此時此刻,天空中白光耀眼,三四道閃電齊閃,照亮了周芷若身形,兩位高僧擡頭上望,見這身具古怪武功的人竟是個清淡薄瘦的少年,更是驚訝。兩條黑索纏著周芷若雙腕,便如兩條張牙舞爪的墨龍相似,急升而上。周芷若借著電光,一瞥間已看清三僧容貌。坐在東北角那僧臉色漆黑,有似生鐵,西北角那僧枯黃如槁木,正南方那僧自與張無忌鬥得難分軒輊,一張臉上卻是慘白如紙。三僧均是面頰深陷,瘦得全無肌肉,那黃臉僧人還眇了一目。

張無忌打鬥中聽身側呼的一聲,風勢甚強,偏眼去看,卻見周芷若給兩條黑索卷上了空,只嚇得心驚肉跳,體內九陽神功爆出,將纏住自己的那條長索震了開去,縱身一躍,竄上空中。那被他迫開的長索回了個轉,又緊追他身子而來。

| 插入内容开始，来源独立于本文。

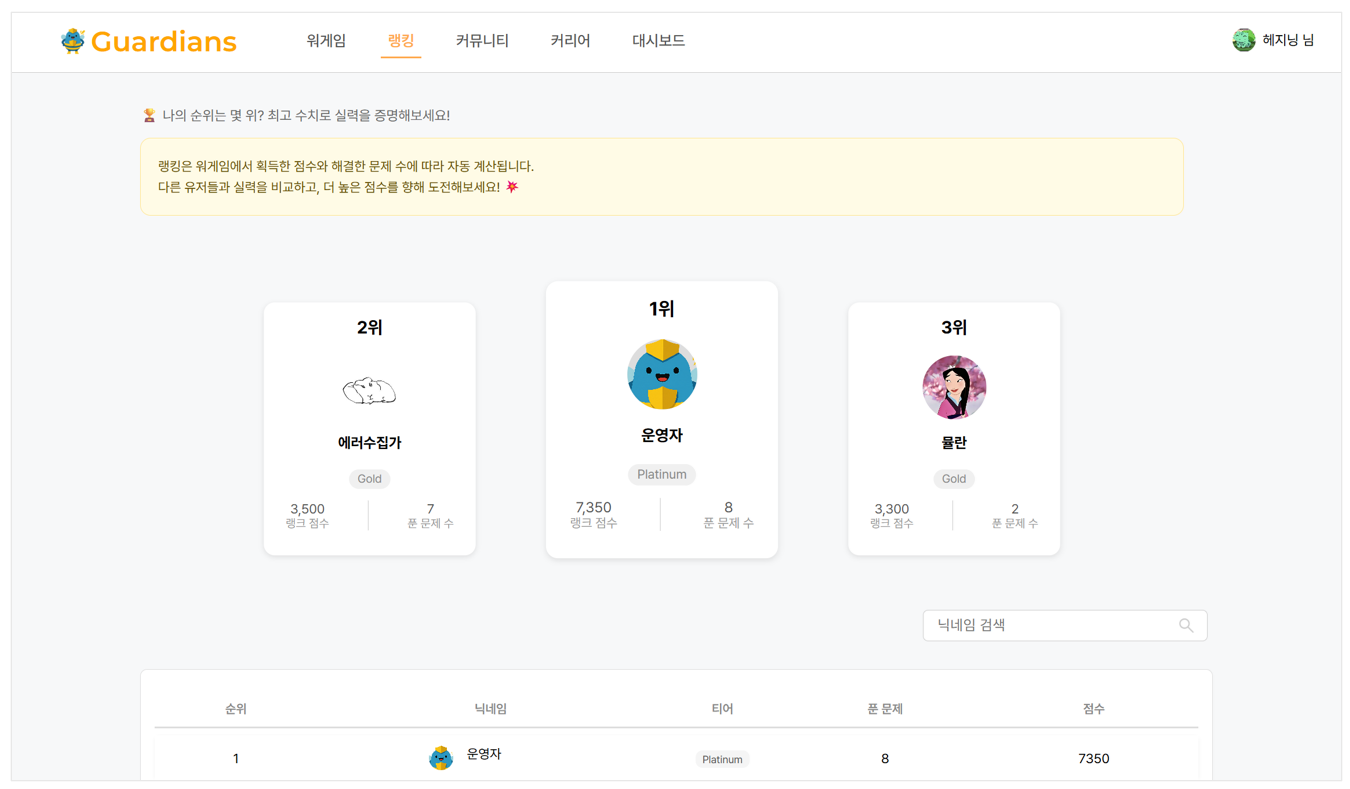 • 상위 TOP 3 프로필 카드 : 닉네임, 프로필 사진, 총 점수, 푼 문제 수 표시

周芷若見那兩根黑索猶如藤蔓裹上了雙臂,她想:給這索纏死了便是大禍。當即內力激出,動勁猛地一掙,兩條黑索給她甩開,後勁卻帶得她身子翻了個滾,直往一旁飛去。那兩條黑索在空中一繞,反朝沖上來的張無忌而去。

只聽轟隆幾聲猛響,幾個霹靂連續而至,這天地雷震之威,直是驚心動魄。周芷若只瞧見三條黑索直逼張無忌,不由叫道:“當心!”

眼見三根黑索先後卷上身來,張無忌驚惶之下,伸手左撥右帶,一卷一纏,借著三人勁力,已將三根黑索卷在一起,這一招卻是張三豐所傳的武當派太極心法,勁成渾圓,三根黑索上所帶的內勁立時被牽引得絞成了一團。

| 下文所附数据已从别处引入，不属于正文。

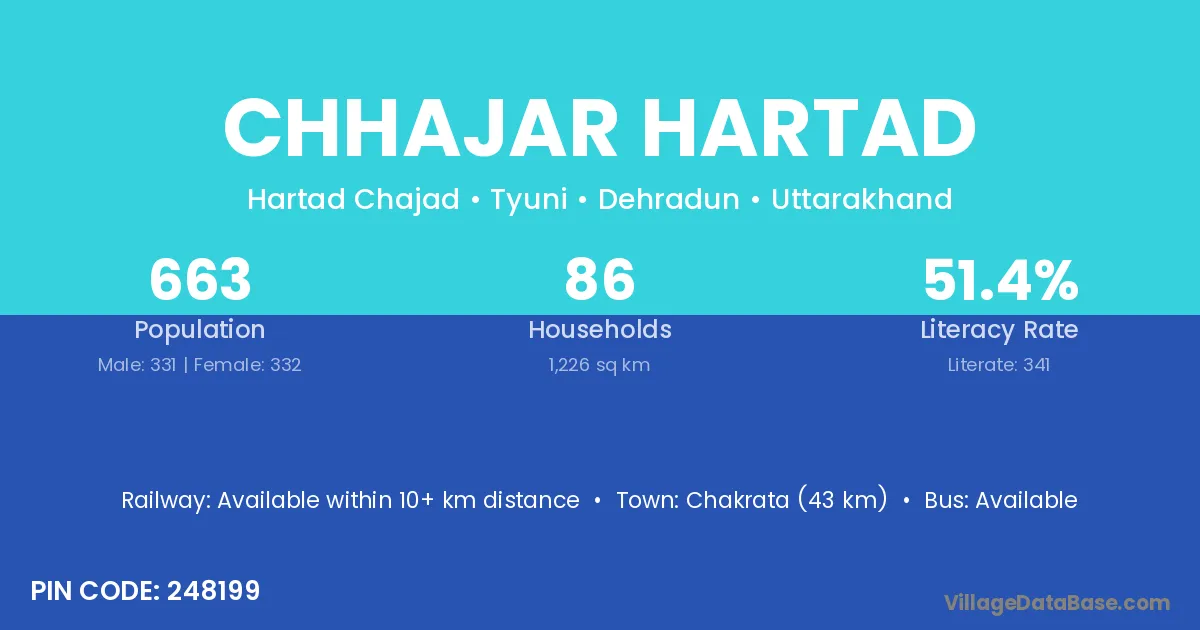 Chakrata (43 km) is the nearest town to Chhajar Hartad village for major economic activities and is located approximately 43 km away.

雨聲之下,但聽一個老僧喝問:“來者何方高人?”張無忌此時正與三索纏鬥,本就分身乏術,又心想自己眼下是潛行救人,若吐露出明教教主的身份,不知會否於探聽義父下落反而有害,思量之間,未曾接口。周芷若想自己亦是混入少林,心下也在躊躇,此時又聽一個老僧道:“江湖中俠者光明磊落,二位何必鬼鬼祟祟?今日不言,他朝難道就不朝相了麽?”

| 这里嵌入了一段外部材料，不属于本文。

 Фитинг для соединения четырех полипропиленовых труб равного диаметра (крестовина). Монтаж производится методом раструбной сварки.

周芷若此時沒了束縛,在半空中翻了個箭鬥,左足在一株松樹的枝幹上一勾,身子已然定住,心知如此纏鬥下去定是不妥,而這老僧所言也不差,他日端陽佳節,自己身為一派之長,總還是要與少林派的幾位照面,與其眼下遮遮掩掩,不如落落大方承認,免得被人以為峨嵋派小家子氣。心念一動,於轟轟雷震中朗聲說道:“後學晚輩,峨嵋忝掌派務周芷若,拜見三位高僧。”說著左足站在松幹,右足淩空,躬身行禮。

電光雷雨之中,月色淒迷之下,只見松樹的枝幹隨著周芷若這一拜之勢,猶似波浪般上下起伏,她一身清瘦,卻能穩穩站住,身形飄逸如蕭蕭品竹,雖躬身行禮,但居高臨下,不落半點下風。三位高僧聞言齊齊一怔,忽然反手一抖,纏住張無忌的三索便即分開。

先前周芷若孤身受那兩擊,竟沒爆血而死,這是他三人一生之中從未遇到過的怪事,無不覺詭異。這下又聞她自報家門,卻是峨嵋派掌門,不由更是驚奇。他們卻不知周芷若以內腑熾灼之體,來化解方才那些招式,實已近乎竭盡全力,正借著松樹枝幹的高低起伏,暗自調勻丹田中已亂成一團的真氣。

而張無忌適才所使武功,包括了九陽神功、乾坤大挪移、還有聖火令上所刻心法。三僧雖身懷絕技,但坐關數十年,世事皆由前來送餐食的小弟子告知,於他這幾門功夫便有所聞,卻一門也沒見過,只覺他內勁和少林九陽功似是一路,但雄渾精微之處,又遠較少林派神功為勝。

黃臉老僧一聲清嘯,說道:“峨嵋派掌門人是滅絕師太啊,怎麽是閣下?”

周芷若道:“先師早圓寂於大都萬安寺塔下。在下無能,日前暫掌本門之務,未得將先師遺風光大,心忝有愧。”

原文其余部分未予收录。